Hukum Tahlilan
Tahlilan adalah ritual / upacara
selamatan yang dilakukan sebagian umat Islam, kebanyakan di Indonesia dan
kemungkinan di Malaysia, untuk memperingati dan mendoakan orang yang telah
meninggal yang biasanya dilakukan pada hari pertama kematian hingga hari
ketujuh, dan selanjutnya dilakukan pada hari ke-40, ke-100, kesatu tahun
pertama, kedua, ketiga dan seterusnya. Ada pula yang melakukan tahlilan pada
hari ke-1000. (sumber http://id.wikipedia.org/wiki/Tahlilan)

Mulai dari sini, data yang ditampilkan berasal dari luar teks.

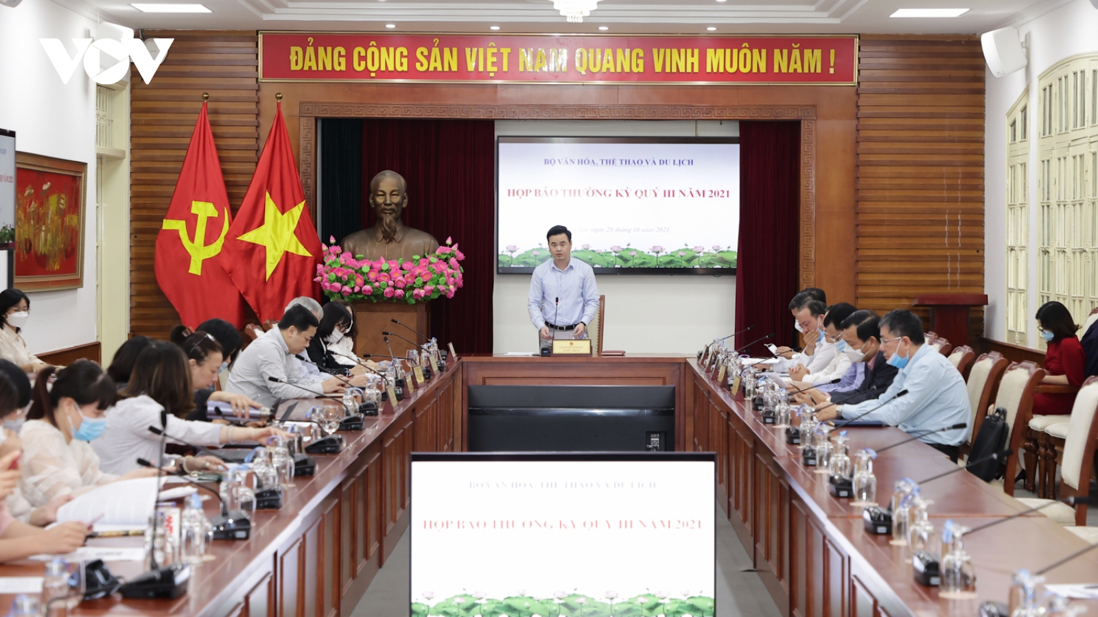 VOV.VN - Sáng 28/10, Bộ Văn hóa, Thể thao và Du lịch (VHTT&DL) đã tổ chức họp báo thường kỳ quý III năm 2021. Ông Lê Đức Trung, Chánh Văn phòng, Người phát ngôn Bộ VHTT&DL chủ trì họp báo.

Tahlilan ini dilakukan dengan
mengucapkan berbagai dzikir dan pembacaan al Qur’an (seperti; surat Al Fatihah
dan Yasin) bahkan tidak jarang juga keluarga si mayit secara khusus mengundang
para qori untuk membacakannya bagi si mayit. Tahlilan kemudian ditutup dengan
doa yang dipimpin oleh tokoh ulama setempat yang di-amini oleh para hadirin.
Ada dua hal yang perlu dilihat dari sudut pandang syari’ah
didalam permasalahan ini :
- Pengiriman pahala amal-amal sholeh kepada si mayit.
Abu Hirairoh meriwayatkan dari
Rasulullah saw bahwa beliau saw bersabda,”Apabila anak Adam meninggal dunia
maka terputuslah amalnya kecuali dari tiga hal : dari sedekah jariyah atau ilmu
yang bermanfaat atau anak sholeh yang mendoakannya.” (HR. Muslim)
Dalam penjelasan tentang hadits ini
Imam Nawawi mengatakan, ”Doa, pahalanya akan sampai kepada si mayit
demikian pula sedekahnya dan keduanya sudah menjadi kesepakatan para ulama.
Demikian halnya dengan pelunasan utang-utangnya. Adapun haji bagi si mayit
diperbolehkan menurut Syafi’i dan para pendukungnya, dan ini masuk dalam bab
pelunasan utang apabila hajinya adalah yang wajib dan apabila yang sunnah serta
telah diwasiatkan oleh si mayit maka ini masuk dalam bab wasiat. Adapun jika ia
mati dan memiliki tanggungan puasa maka yang benar adalah walinya harus
berpuasa baginya, masalah ini telah dibahas didalam bab puasa. Sedangkan bacaan
al Qur’an dan menjadikan pahalanya bagi si mayit, sholat baginya atau yang
sejenis itu maka didalam madzhab Syafi’i dan jumhur ulama bahwa itu semua
tidaklah sampai kepada si mayit..” (Shohih Muslim bi Syarhin Nawawi juz XI
hal 122)
Sedangkan membaca Al Qur’an, ini
merupakan pendapat jumhur ulama dari kalangan Ahlus Sunnah. Imam Nawawi
berkata,”Yang lebih terkenal dan mazhab Syafi’i bahwa hal itu tidaklah
sampai.” Ahmad bin Hambal dan para sahabat Syafi’i
berpendapat bahwa hal itu sampai kepada si mayit. Maka sebaiknya si pembaca
setelah membacanya mengucapkan,”Ya Allah aku sampaikan seperti pahala
bacaanku ini kepada si fulan.”
Di dalam kitab “al Mughni”
oleh Ibnu Qudamah disebutkan: Ahmad bin Hanbal mengatakan,”Segala kebajikan
akan sampai kepada si mayit berdasarkan nash-nash yang ada tentang itu, karena
kaum muslimin biasa berkumpul di setiap negeri kemudian membaca Al Qur’an dan
menghadiahkannya bagi orang yang mati ditengah-tengah mereka dan tidak ada yang
menentangnya, hingga menjadi kespekatan.”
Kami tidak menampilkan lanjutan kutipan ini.